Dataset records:
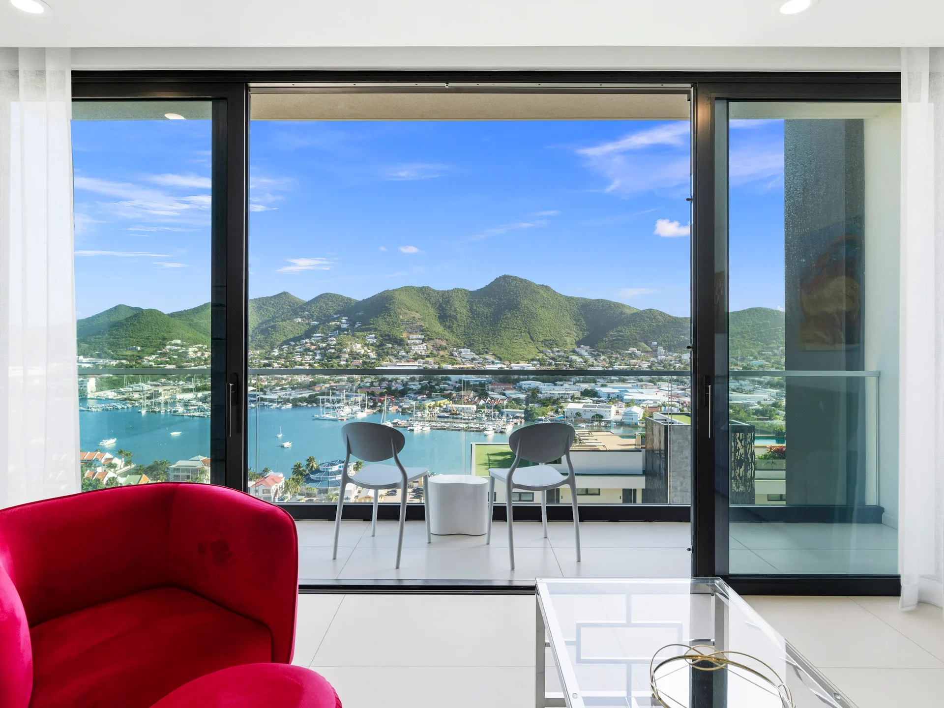 Vue imprenable sur le lagon de Simpson Bay — parfait pour un café matinal ou un cocktail au coucher du soleil
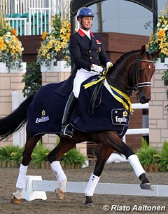 Carl Hester grabs his 60th national title at the 2012 British Championships. He did the lap of honour aboard Douglas :: Photo © Risto Aaltonen
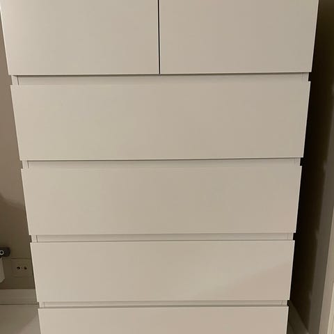 Selger min så vidt 2 år gamle IKEA malm kommode med 6 skuffer. Stått på et klesrom og ser ingen merker eller annet på den. Skuffene glir fint igjen 😊 må hentes i 3 etasje i Lørenskog med heis
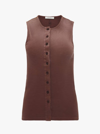 - Jersey tank top complete with button front detailing - Tonal buttons - Scoop neckline - Tonal branded embroidery - Fitted silhouette - take your usual size Additional Information - Colour: Chestnut - Composition: 98% Cotton, 2% Elastane - Rib Jersey Fabrication - Made in: Portugal - SKU: JO0266PG1512621
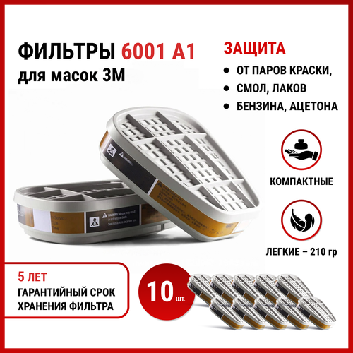 Фильтр для респиратора/маски, 6001 А1 для защиты от краски, смол, ацетона, бензина 10 шт.: сравнение цен, характеристики, фото, актуальное наличие и цены.
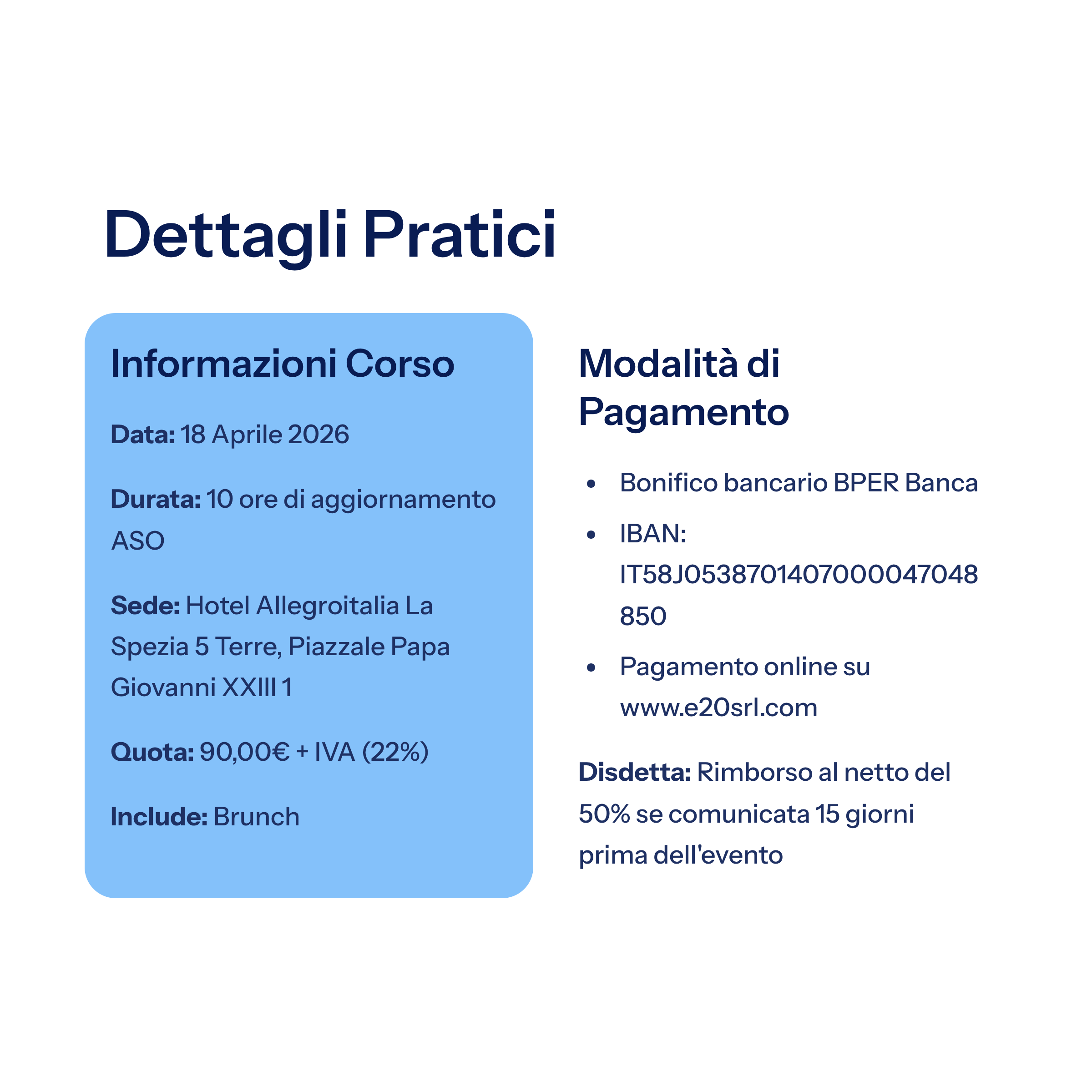 | Per coloro che hanno scelto il pagamento tramite bonifico bancario, si informa che essendo un corso pratico con posti limitati, l’iscrizione sarà considerata valida se seguita entro 5gg. dalla prenotazione, dalla contabile del pagamento. Diversamente, la prenotazione sarà automaticamente cancellata. |

> **What needs to be done**
For this exercise, reproduce the data above exactly from the line containing "Фильтр для респиратора/маски, 6001" through its final line, both ends included, with no pictures in the copy.

> **Your response**
 Фильтр для респиратора/маски, 6001 А1 для защиты от краски, смол, ацетона, бензина 10 шт.: сравнение цен, характеристики, фото, актуальное наличие и цены.
 | Per coloro che hanno scelto il pagamento tramite bonifico bancario, si informa che essendo un corso pratico con posti limitati, l’iscrizione sarà considerata valida se seguita entro 5gg. dalla prenotazione, dalla contabile del pagamento. Diversamente, la prenotazione sarà automaticamente cancellata. |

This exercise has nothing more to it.